Tornando, quindi, al caso prospettato, la prima strategia processuale
attuabile potrebbe essere proprio quella di convenire nel giudizio
risarcitorio esclusivamente il responsabile del danno Caio ai sensi
dell’art. 2054 c.c.
Secondo un principio costantemente affermato dalla Suprema Corte
(Cass. 31 maggio 2006, n. 13019; Cass. 13 febbraio 1998, n. 1561), le dichiarazioni contenute nel modulo a firma congiunta costituiscono una confessione stragiudiziale che produce i suoi effetti tipici solo nei limiti in cui vengano fatte valere in una controversia in cui siano parti in senso processuale
quegli stessi soggetti che furono l’autore ed il destinatario della dichiarazione. In assenza del responsabile il modulo a firma congiunta non
avrebbe valenza assoluta ed incontestabile all’interno del giudizio,
essendo liberamente valutabile dal giudice al pari di qualsiasi altra
prova acquisita al processo (Cass. 25 marzo 1999, n. 2819; Cass. 23 gennaio 1997, n. 689; Cass. 2 aprile 1996, n. 3055).
A questo punto, notificato l’atto di citazione, potrebbero profilarsi tre
differenti scenari processuali:
1) Stante il chiaro disposto dei commi II e IV dell’art. 1917 c.c., che conferiscono all’assicurato il diritto di chiamare in causa il proprio assicuratore
per ivi sentirlo condannare al pagamento “diretto” in favore del danneggiato, e ciò anche in assenza di una sua specifica richiesta (Cass. 9 agosto
2003, n. 12049; Cass. 24 aprile 2001, n. 6026), Caio potrebbe costituirsi
in giudizio e, ammettendo la propria responsabilità, chiedere di essere autorizzato dal Giudice, ai sensi dell’art. 106 c.p.c., a chiamare
in garanzia l’impresa con il quale ha stipulato il contratto obbligatorio al fine di essere tenuto indenne da ogni pretesa avanzata dal
danneggiato nei suoi confronti (cfr. Cass. 20 febbraio 1998, n. 1784).
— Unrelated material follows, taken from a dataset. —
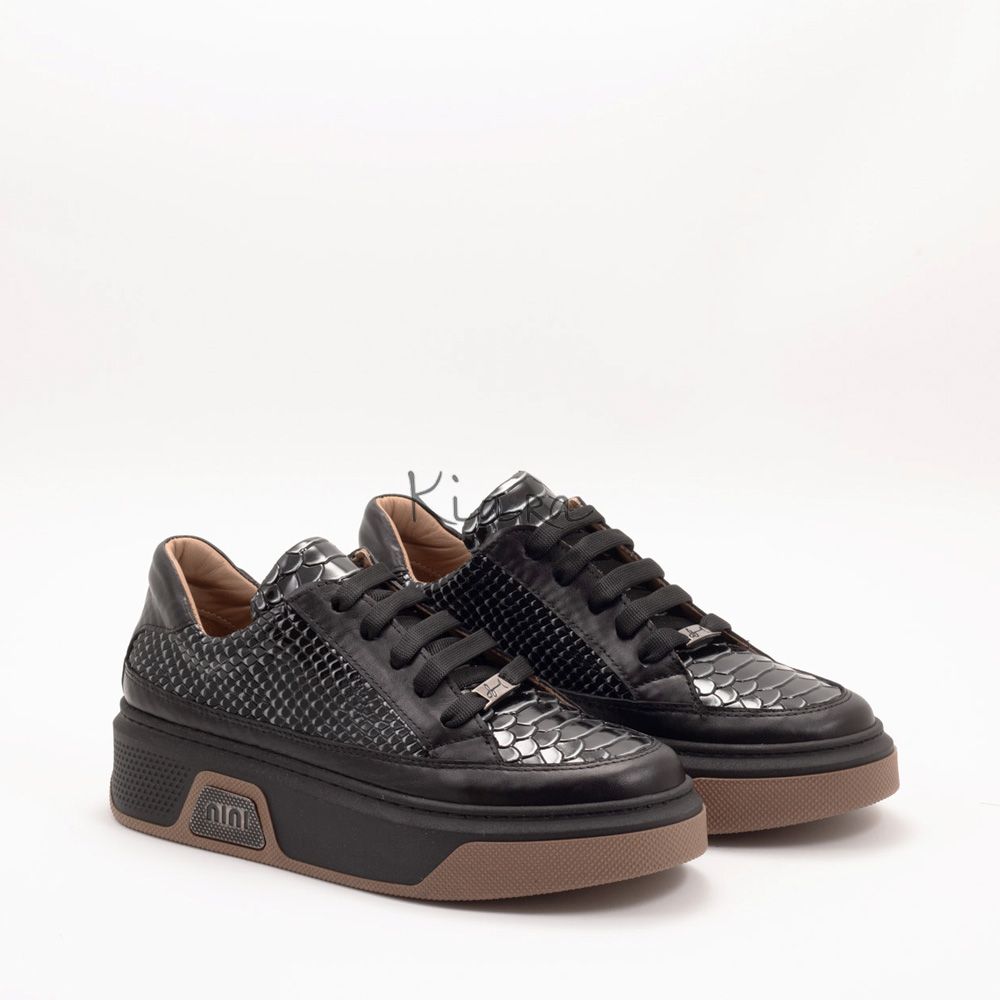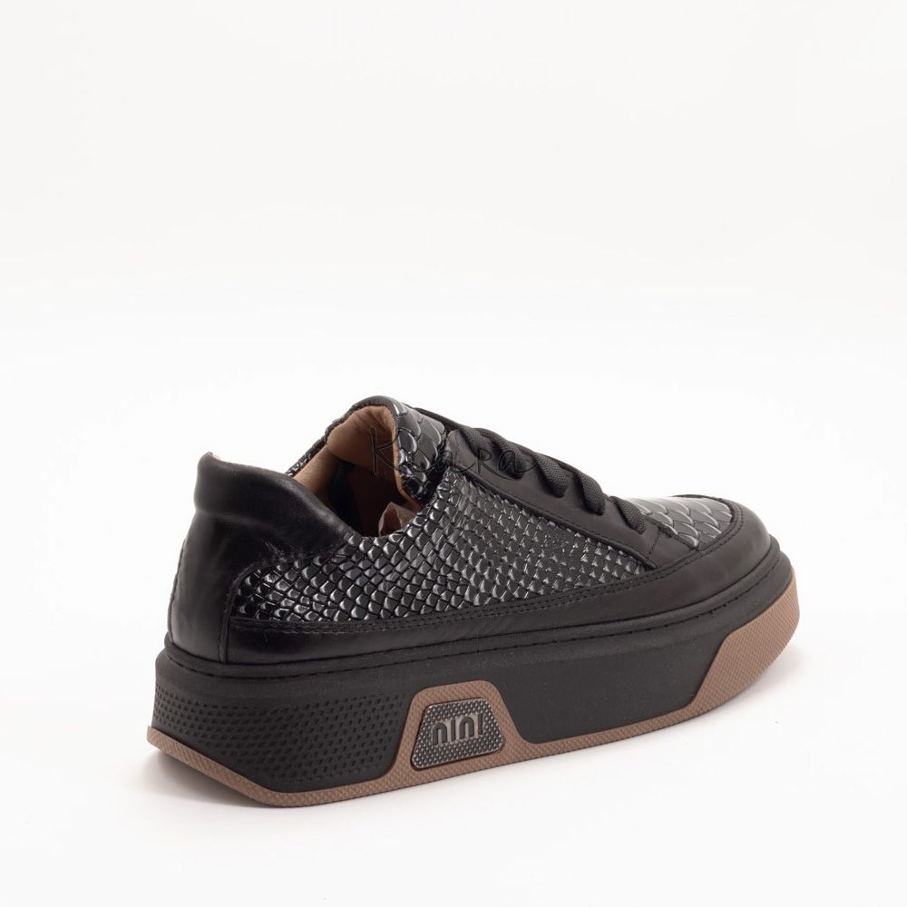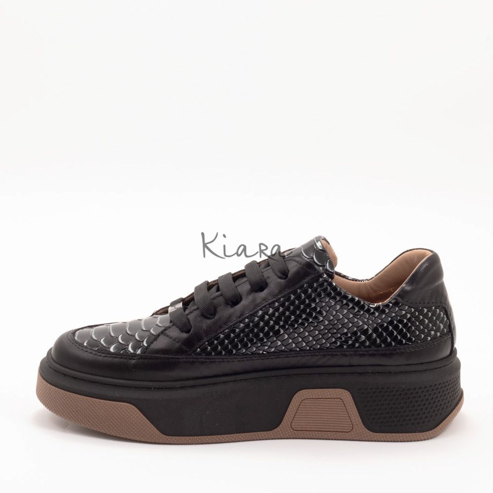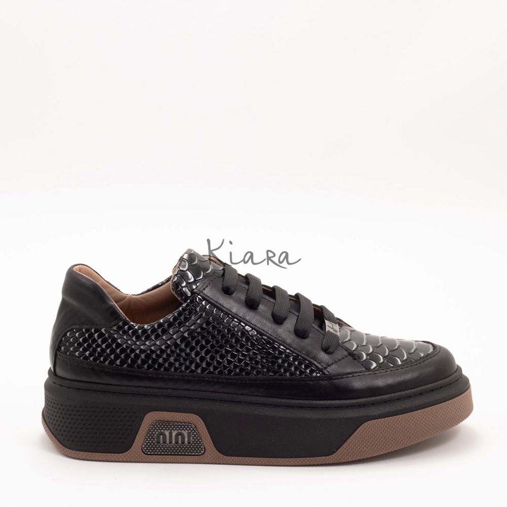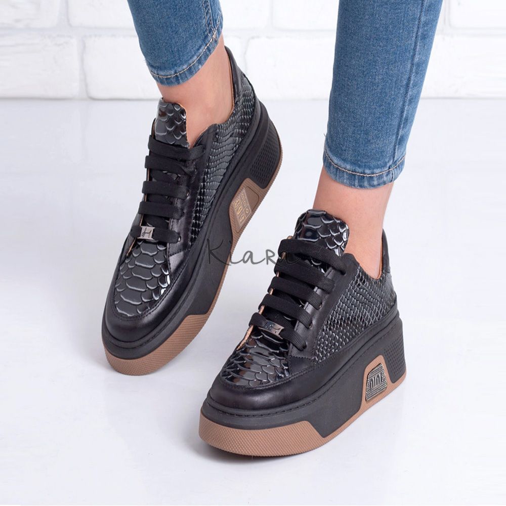 Комфортни и ефектни дамски кецове в черно и сребристо, изработени от естествена кожа и естествен лак.

In tal caso il responsabile-assicurato ha diritto di far valere la garanzia nei
confronti dell’unico soggetto al quale è legato da un vincolo contrattuale,
vale a dire il proprio assicuratore per la r.c.a. Beta Assicurazioni; tra l’altro
Caio, confidando nella promessa di un servizio migliore rispetto a quello
offerto da altri assicuratori, ha operato la scelta di assicurarsi con la Società
Alfa Assicurazioni alla quale corrisponde un premio elevato che, però, è
commisurato alla prestazione posta a carico della compagnia.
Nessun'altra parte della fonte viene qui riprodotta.